> [Required work] Would you please repeat exactly the entries below, starting at the line with "TTF-gasprijs voor het" and ending at the line with "W kuchni jest", and nothing outside that range? Leave out the pictures.

■ ■ ■ ■

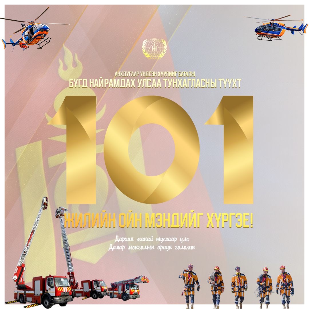 Тусгаар тогтнол, бүрэн эрхт байдлын бэлгэ тэмдэг болсон баярын энэ өдрөөр эх орон, ард иргэдийнхээ аюулгүй байдлын манаанд зогсож байгаа Онцгой байдлын байгууллагын үе, үеийн ажилтан, алба хаагч та бүхэндээ болон гэр бүл, үр хүүхэд, ард иргэддээ Анхдугаар Үндсэн хуулиа баталж, Бүгд Найрамдах Улсаа тунхагласны түүхт 101 жилийн ойн баярын мэндийг өргөн дэвшүүлье.
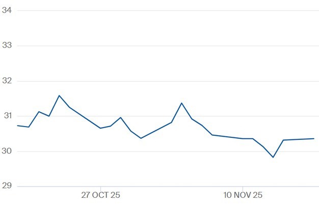 TTF-gasprijs voor het contract Cal 2026 t/m 17 november 2025. Klik hier voor de actuele gascontractprijzen.
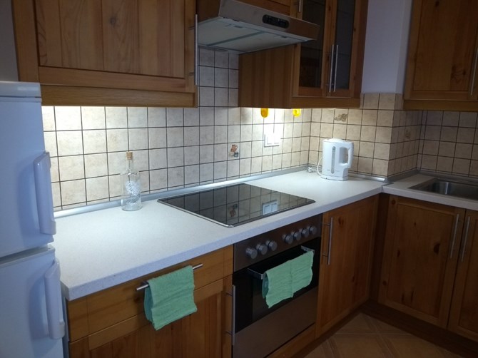 W kuchni jest sporo szafek , stół, 2 krzesła, lodówka z zamrażarką, zmywarka, piekarnik z kuchenką elektryczną 4 palnikową, okap.
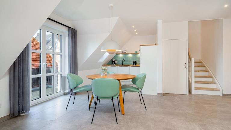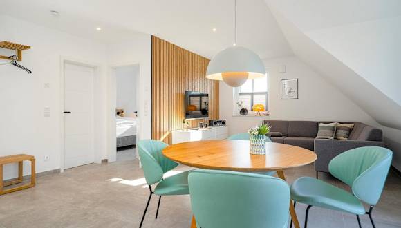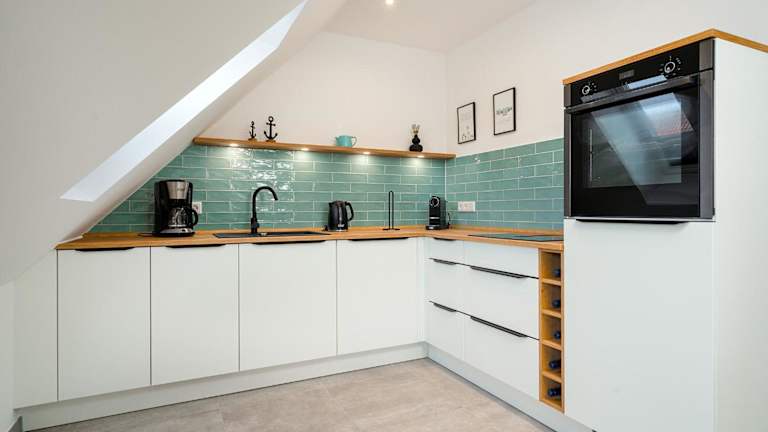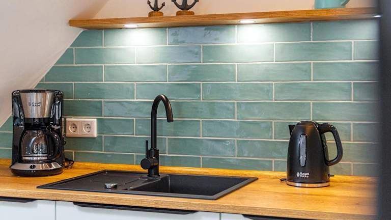 Die Ferienwohnung verfügt über ein Schlafzimmer, eine voll ausgestattete Küche mit Kühlschrank und Geschirrspüler, sowie ein Badezimmer mit Dusche, Haartrockner und Waschmaschine. Des Weiteren ist ein TV verfügbar. Allergikerfreundliche Zimmer sind ebenfalls vorhanden.
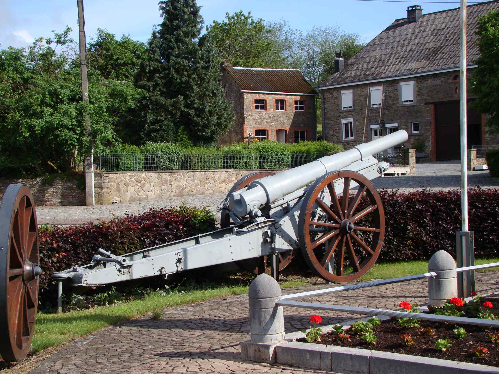 An exceptionnal battery of four 10cm K04 cannons are guarding this small and peaceful Belgian Ardennes village monument since 1922, when they have been sent by train from the town of Huy to the station of Poix St Hubert, then trailed to their final destination. These four guns are a good illustration of the continuous production of this 'old' gun throughout the war.
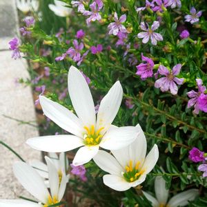 おはようございます😊 ゼフィランサスと クフェアの競演💃🎶 可愛くて笑顔になれるなぁ~😊 おさんぽコースにて🚶♀️🐾🌾

■ ■ ■ ■

> [Answer area]
 TTF-gasprijs voor het contract Cal 2026 t/m 17 november 2025. Klik hier voor de actuele gascontractprijzen.
 W kuchni jest sporo szafek , stół, 2 krzesła, lodówka z zamrażarką, zmywarka, piekarnik z kuchenką elektryczną 4 palnikową, okap.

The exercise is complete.